Prompt. The whole listing is to be restated word for word with no images.

┌────────

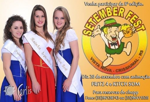 A SETEMBER FEST teve seu primeiro evento no ano de 2006, quando a Sociedade Tiradentes de Vista Nova, na época dirigida por Rubia Eckert em conjunto com a diretoria e um promotor de eventos, tiveram a genial ideia de criar um evento tradicional que se repetisse a cada ano ou eventualmente a cada 2 anos e que caracterizava e mostrava um pouco da cultura popular local. E assim se criou a SETEMBER FEST como sendo uma festa típica da cultura alemã, caracterizando assim a origem da maioria do povo local.
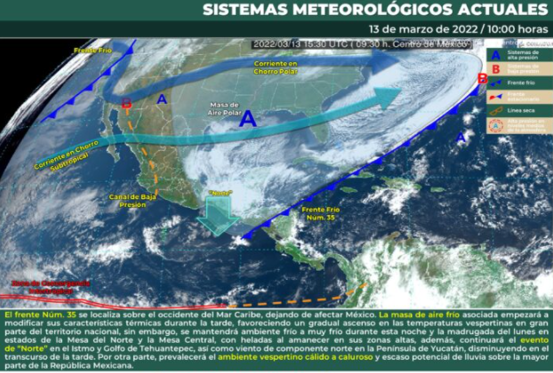 Agrega que un nuevo frente frío se extenderá sobre la frontera norte de México, interaccionará con una línea seca sobre dicha región, ocasionando vientos fuertes con rachas de 60 a 70 km/h y tolvaneras en Chihuahua y Coahuila.
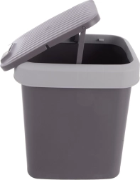 Ez a 12 literes, praktikus szemetes kiváló választás a mindennapi használatra otthon és az irodában. A két szürke árnyalatú, masszív műanyag kivitel könnyű, tartós és egyszerűen karbantartható. A billenő fedél kényelmes bedobást tesz lehetővé több irányból, és hatékonyan csökkenti a kellemetlen szagok terjedését.
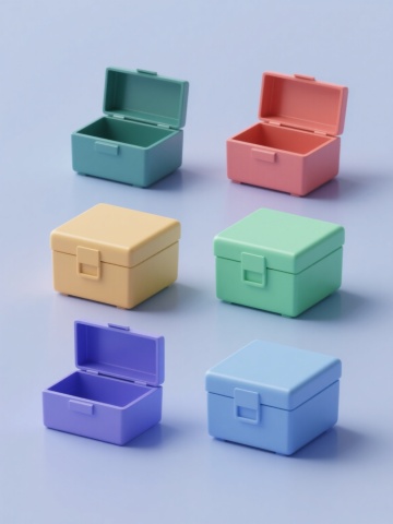 六个不同颜色、不同样式的3D风格箱子,采用简约现代的整体造型,规整排布在纯色背景上,无任何文字、logo及水印,每个箱子具有平滑的表面质感和清晰的边缘棱角,光影过渡自然柔和,保持一致的3D渲染风格,色彩鲜明且相互协调,整体画面简洁干净,突出箱子的形态美感和排列秩序。
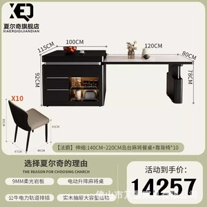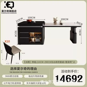 【法爵】【伸缩范围210CM~290CM】岛台麻将餐桌+靠背椅*10
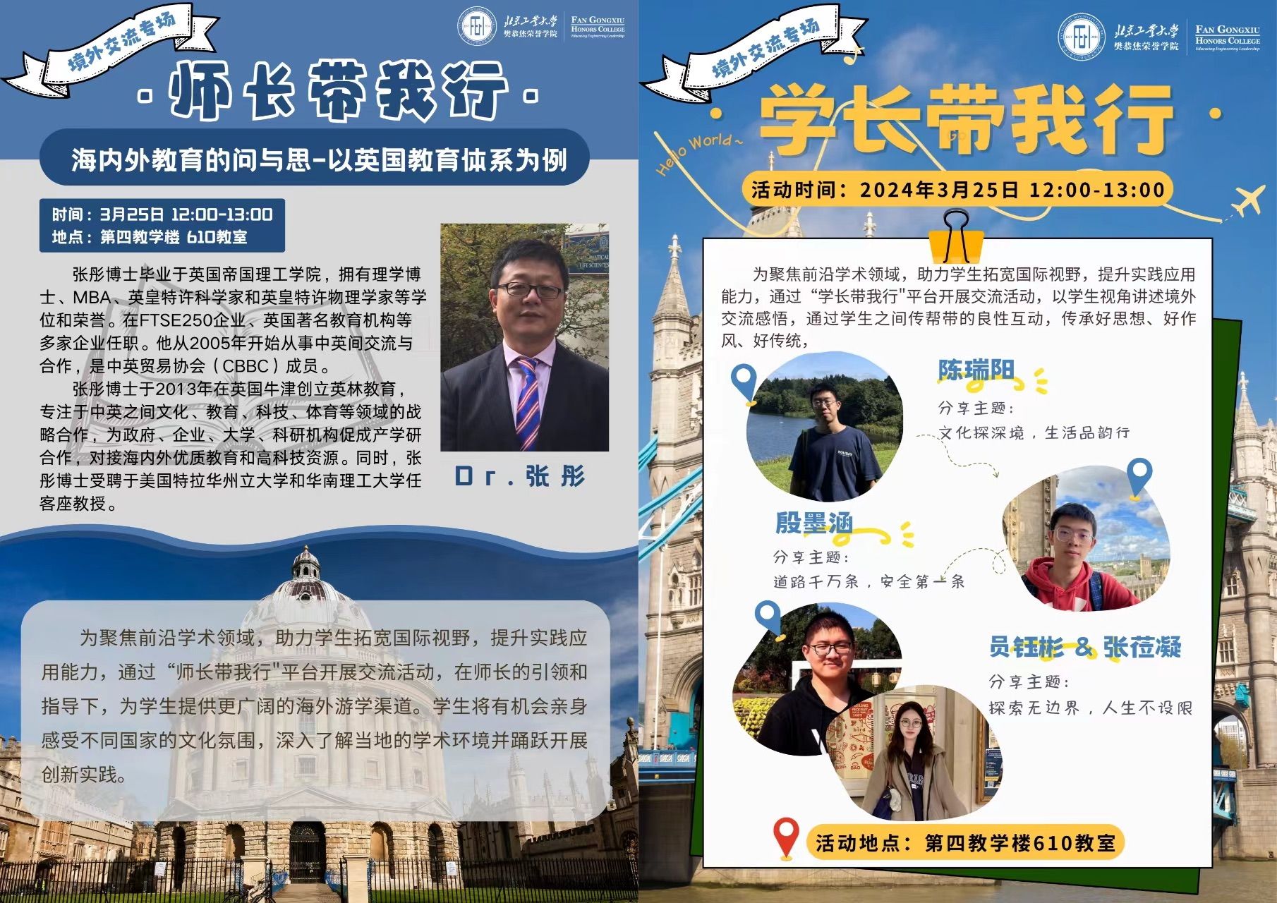 通过“师长学长带我行"平台开展交流活动,为学生提供更广阔的海外游学渠道,带领学生感受不同国家的文化氛围,深入了解当地的学术环境并踊跃开展创新实践。此外,通过学生视角讲述境外交流感悟,不仅能够促进新老生之间传帮带的良性互动,更有助于传承好思想、好作风、好传统。
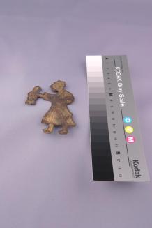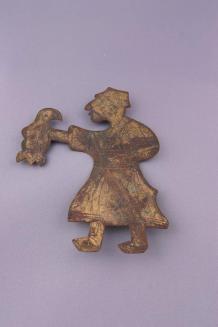 DescriptionPlaque is incised and gilded on one surface, depicting a male falconer wearing a truncated cone shaped hat with an outstretched arm holding a falcon. One of a pairStatus
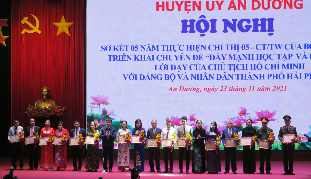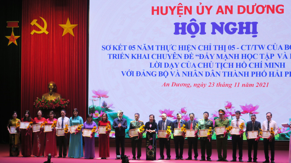 Ghi nhận những nỗ lực trong thời gian qua, Chủ tịch UBND thành phố tặng Bằng khen cho 2 tập thể và 3 cá nhân của Đảng bộ huyện, Chủ tịch UBND huyện An Dương tặng Giấy khen cho 33 tập thể và 36 cá nhân tiêu biểu xuất sắc trong thực hiện Chỉ thị 05-CT/TW của Bộ Chính trị.
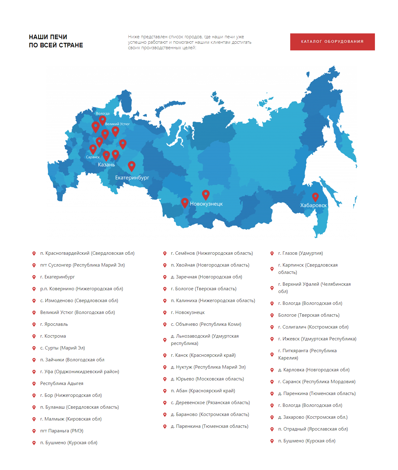 - Интеграция карты с отметками всех регионов, где активно работают печи компании.

└────────

Task output.
 A SETEMBER FEST teve seu primeiro evento no ano de 2006, quando a Sociedade Tiradentes de Vista Nova, na época dirigida por Rubia Eckert em conjunto com a diretoria e um promotor de eventos, tiveram a genial ideia de criar um evento tradicional que se repetisse a cada ano ou eventualmente a cada 2 anos e que caracterizava e mostrava um pouco da cultura popular local. E assim se criou a SETEMBER FEST como sendo uma festa típica da cultura alemã, caracterizando assim a origem da maioria do povo local.
 Agrega que un nuevo frente frío se extenderá sobre la frontera norte de México, interaccionará con una línea seca sobre dicha región, ocasionando vientos fuertes con rachas de 60 a 70 km/h y tolvaneras en Chihuahua y Coahuila.
 Ez a 12 literes, praktikus szemetes kiváló választás a mindennapi használatra otthon és az irodában. A két szürke árnyalatú, masszív műanyag kivitel könnyű, tartós és egyszerűen karbantartható. A billenő fedél kényelmes bedobást tesz lehetővé több irányból, és hatékonyan csökkenti a kellemetlen szagok terjedését.
 六个不同颜色、不同样式的3D风格箱子,采用简约现代的整体造型,规整排布在纯色背景上,无任何文字、logo及水印,每个箱子具有平滑的表面质感和清晰的边缘棱角,光影过渡自然柔和,保持一致的3D渲染风格,色彩鲜明且相互协调,整体画面简洁干净,突出箱子的形态美感和排列秩序。
 【法爵】【伸缩范围210CM~290CM】岛台麻将餐桌+靠背椅*10
 通过“师长学长带我行"平台开展交流活动,为学生提供更广阔的海外游学渠道,带领学生感受不同国家的文化氛围,深入了解当地的学术环境并踊跃开展创新实践。此外,通过学生视角讲述境外交流感悟,不仅能够促进新老生之间传帮带的良性互动,更有助于传承好思想、好作风、好传统。
 DescriptionPlaque is incised and gilded on one surface, depicting a male falconer wearing a truncated cone shaped hat with an outstretched arm holding a falcon. One of a pairStatus
 Ghi nhận những nỗ lực trong thời gian qua, Chủ tịch UBND thành phố tặng Bằng khen cho 2 tập thể và 3 cá nhân của Đảng bộ huyện, Chủ tịch UBND huyện An Dương tặng Giấy khen cho 33 tập thể và 36 cá nhân tiêu biểu xuất sắc trong thực hiện Chỉ thị 05-CT/TW của Bộ Chính trị.
 - Интеграция карты с отметками всех регионов, где активно работают печи компании.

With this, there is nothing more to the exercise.